By RANDAL C. ARCHIBOLD - March 9, 2005
IGÜEY, Dominican Republic, March 8 - Zacaria Martínez is not sure how he survived the fire that swept through his prison cell, packed almost to the roof with inmates, killing nearly everyone inside. The only explanation he has is that it was "at the hands of God."
Inside the overcrowded prison here early Monday, a battle broke out in a cell known as Vietnam, the authorities said. Shots were fired and punches flew. Mattresses, machetes and other objects sailed through the air before a burst of flame came, then torrents of black, choking smoke.
The cell in the overcrowded prison in Higüey where a fire took the lives of 136 inmates, 71 of whom have yet to be identified. The government has appointed a commission to investigate what happened.
"I cannot explain or describe the cries I heard of people burning to death," Mr. Martínez, one of 19 from the cell who survived, said Tuesday as he stood among scores of other prisoners packed into another cell. It was just as crowded as the one where the inferno took the lives of 136 prisoners.
Nearby, with the smell of smoke still heavy in the air, several workers wearing masks shoveled debris from the charred cell into sacks.
At a hospital a mile away, relatives and friends of the victims wept over bloodstained blue coffins and the blackened remains of their loved ones. Some of the victims still lay on a dirt field under a white tent, their faces frozen in agony.
Sergio Sarita Valdez, the country's under secretary of health, said 71 bodies still had not been identified and he pleaded with the public to provide dental records and other information to help investigators.
He said bodies were lying in the sun because hospital workers had been pressed by family members wanting access so they could identify and claim the dead.
A Red Cross worker lifted the lid of a coffin. Santo Natera Acosta's sister, Elisia, burst into convulsing sobs at the sight of her brother's charred and barely recognizable body.
"We want justice I swear," she cried over and over, kneeling beside the coffin. She questioned the authorities' version of the cause of the blaze: was it started by prisoners setting fire to their own mattresses, as officials have said, or was it the tear gas fired to quell the riot?
The government has appointed a commission to investigate what happened here in Higüey, 90 miles east of Santo Domingo, the latest in a series of deadly fires and riots to strike Latin American jails.

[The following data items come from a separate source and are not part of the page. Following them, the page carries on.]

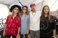 AC Entertainment’s Christina Persico, Brian Asplin, members of Chrome Pony and BMI’s Mark Mason gather for a photo at the Miller Lite New Music on Tap Lounge at Bonnaroo Music Festival on June 14, 2015, in Manchester, TN. View Photo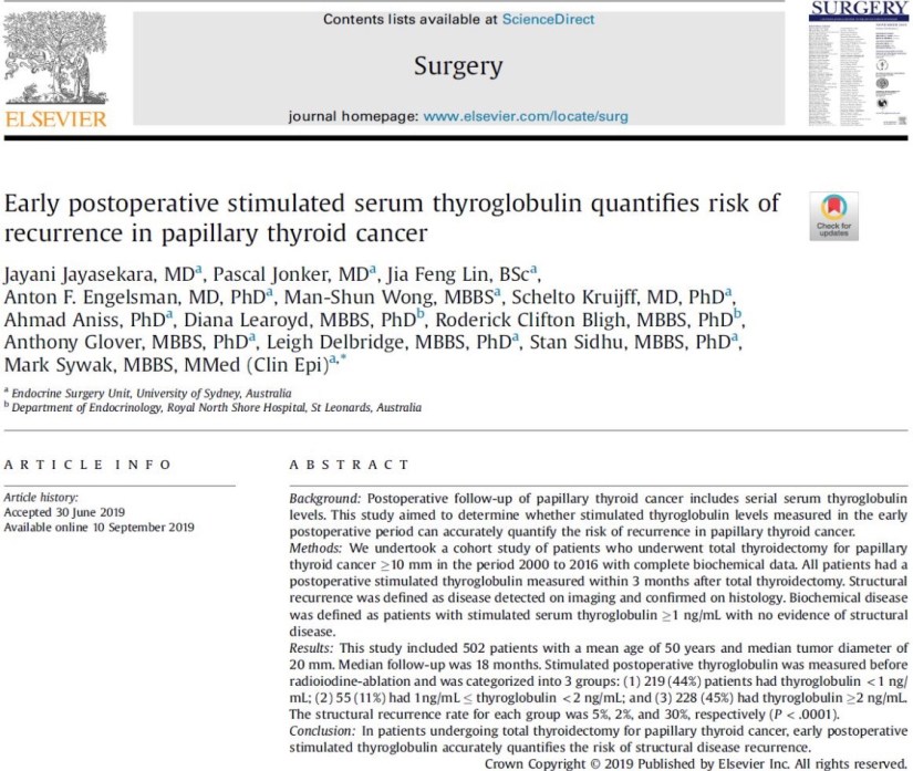 👉Stimulated postoperative thyroglobulin (Tg) level before radioactive iodine ablation (RAI) can be used to quantify risk of papillary thyroid cancer (PTC) recurrence.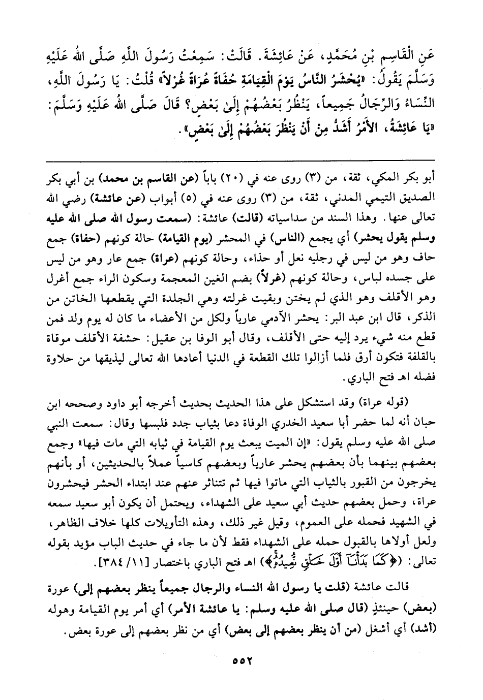 عَنِ الْقَاسِمِ بْنِ مُحَمَّدٍ، عَنْ عَائِشَةَ. قَالتْ: سَمِعْتُ رَسُولَ الله صَلَّى الله عَلَيهِ وَسَلَّمَ يَقُولُ: "يُحْشَرُ النَّاسُ يَوْمَ الْقِيَامَةِ حُفَاةً عُرَاةً غُرْلًا" قُلْتُ: يَا رَسُولَ الله، النِّسَاءُ وَالرِّجَالُ جَمِيعًا، يَنْظُرُ بَعْضُهُمْ إِلَى بعْضٍ؟ قَال صَلَّى الله عَلَيهِ وَسَلَّمَ: "يَا عَائِشَةُ، الأَمْرُ أَشَدُّ مِنْ أَنْ يَنْظُرَ بَعْضُهُمْ إِلَى بعْضٍ"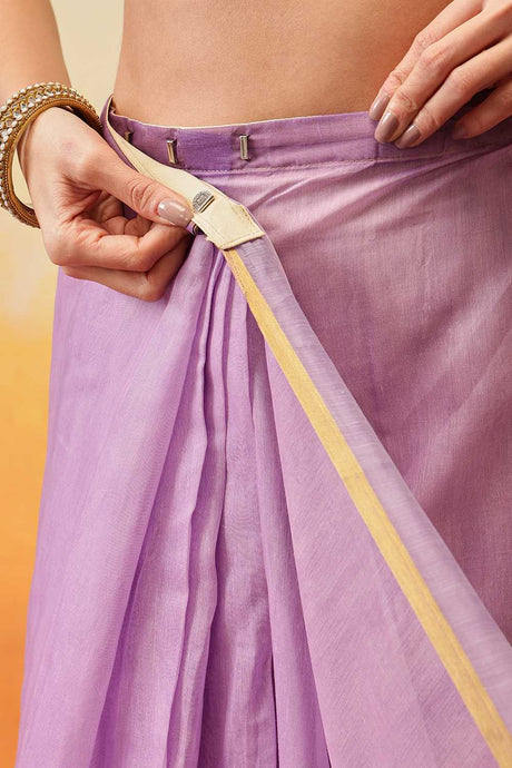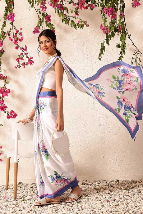 Violet Floral Printed Cotton Blend Ready to Wear Saree

Human rights workers here and abroad say prison overcrowding in the Dominican Republic is among the worst in the hemisphere.
The prison in Higüey was built in 1960 to house 80 inmates, but contained at least 426 on the morning of the fire, the authorities said.
The cell that burned held more than 150 inmates, although it was built for no more than 40.
The overcrowding was clear on Tuesday in the remaining two cells. In one, inmates were jammed against windows and doors, their belongings stuffed into every nook and cranny.
A prisoner seated on the floor pressed against a cell door amid a tangle of legs cried out that he could barely breathe. He said he had a lung illness that had not been treated.
Government officials said guards had reacted as quickly as they could to the conflagration.
The fire took hold so swiftly that even though there is a fire station just around the corner from the jail, little could be done.
"The fire burned everything very fast in a matter of seconds or minutes," said Pedro Rojas Morillo, the governor of La Altagracia Province here. "There was no hope."
A police sergeant who said he had opened the door to the cell said the difficulty getting to the inmates stemmed more from the smoke and flames than from what the authorities suspect was debris jammed into the lock. "Can you imagine how hard it was?" he said, describing his attempt to free the padlock as inmates inside begged for help.
Mr. Morillo, the governor, toured the prison on Tuesday but declined to give more details on what investigators had uncovered.
"This is what the investigation will uncover, what exactly happened," he said.
One focus of the inquiry is likely to be how the prisoners obtained one gun, and possibly two.